One treats \(\varepsilon=1/\mathit{Re}\) as the perturbation parameter, then equations (16), (17) become

$$\begin{aligned}& \varepsilon(1+K)f'''- \varepsilon Kg'+\varepsilon\alpha\bigl(\eta f''+2f' \bigr)+\bigl(f^{\prime (2)}-ff''\bigr)= \lambda, \end{aligned}$$
(22)
$$\begin{aligned}& \varepsilon(1+K/2)g''+\varepsilon\alpha \bigl(\eta g'+3g\bigr)-\varepsilon N_{1} \bigl(2g-f''\bigr)+f'g-fg'=0, \end{aligned}$$
(23)

where λ is an integer constant. First of all, we introduce a variable transformation of η,

$$ \eta=\xi+\varepsilon X_{1}(\xi)+\varepsilon^{2} X_{2}(\xi)+O\bigl(\varepsilon^{3}\bigr), $$
(24)

where the functions \(X_{1}\), \(X_{2}\) will be determined next.

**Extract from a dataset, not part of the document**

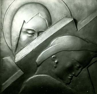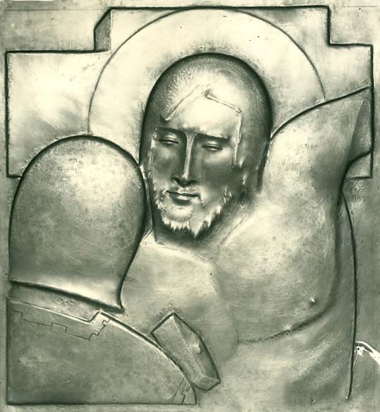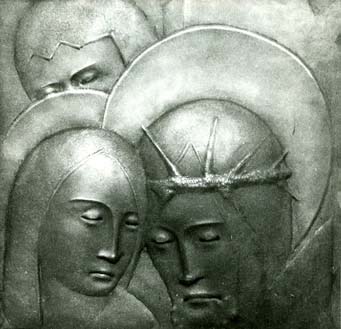 Subito dopo (anni 1950-53) l’autore sarà padrone dei propri mezzi espressivi, con la “Via Crucis” di Madrona (rame sbalzato), quella in marmo di Campobasso e con le opere in marmo a volume pieno del 1950.

Assume the function f, g, and the constant λ can be expanded in the following forms:

$$ f(\xi)=\sum_{i=0}^{\infty}\varepsilon^{i}f_{i}(\xi),\qquad g(\xi)=\sum _{i=0}^{\infty}\varepsilon^{i}g_{i}( \xi),\qquad \lambda=\sum_{i=0}^{\infty}\varepsilon^{i}\lambda_{i}. $$
(25)

Substituting (25) into (22), (23), and collecting the same powers of ε, one can obtain the leading order of the solution

$$ \dot{f}_{0}^{2}-f_{0} \ddot{f}_{0}=\lambda_{0} ,\qquad f_{0} \dot{g}_{0}-\dot{f}_{0}g_{0}=0, $$
(26)

and the first order of the solution

$$\begin{aligned}& (1+K)\dddot{f}_{0}-K\dot{g}_{0}+\alpha\xi \ddot{f}_{0}+2\alpha\dot {f}_{0}-f_{0} \ddot{f}_{1}-\ddot{f}_{0}f_{1} +2 \dot{f}_{0} \dot{f}_{1}=\lambda_{1}+2 \lambda_{0}\dot{X}_{1}, \end{aligned}$$
(27)
$$\begin{aligned}& (1+K/2)\ddot{g}_{0}+\alpha(\xi\dot{g}_{0}+3g_{0})+( \dot{f}_{1}g_{0}-f_{1}\dot{g}_{0}) +N_{1}(\ddot{f}_{0}-2g_{0})+\dot{f}_{0}g_{1}-f_{0} \dot{g}_{1}=0. \end{aligned}$$
(28)

Here the overdot \(\dot{\hphantom{a}}\) denotes the derivation with respect to ξ.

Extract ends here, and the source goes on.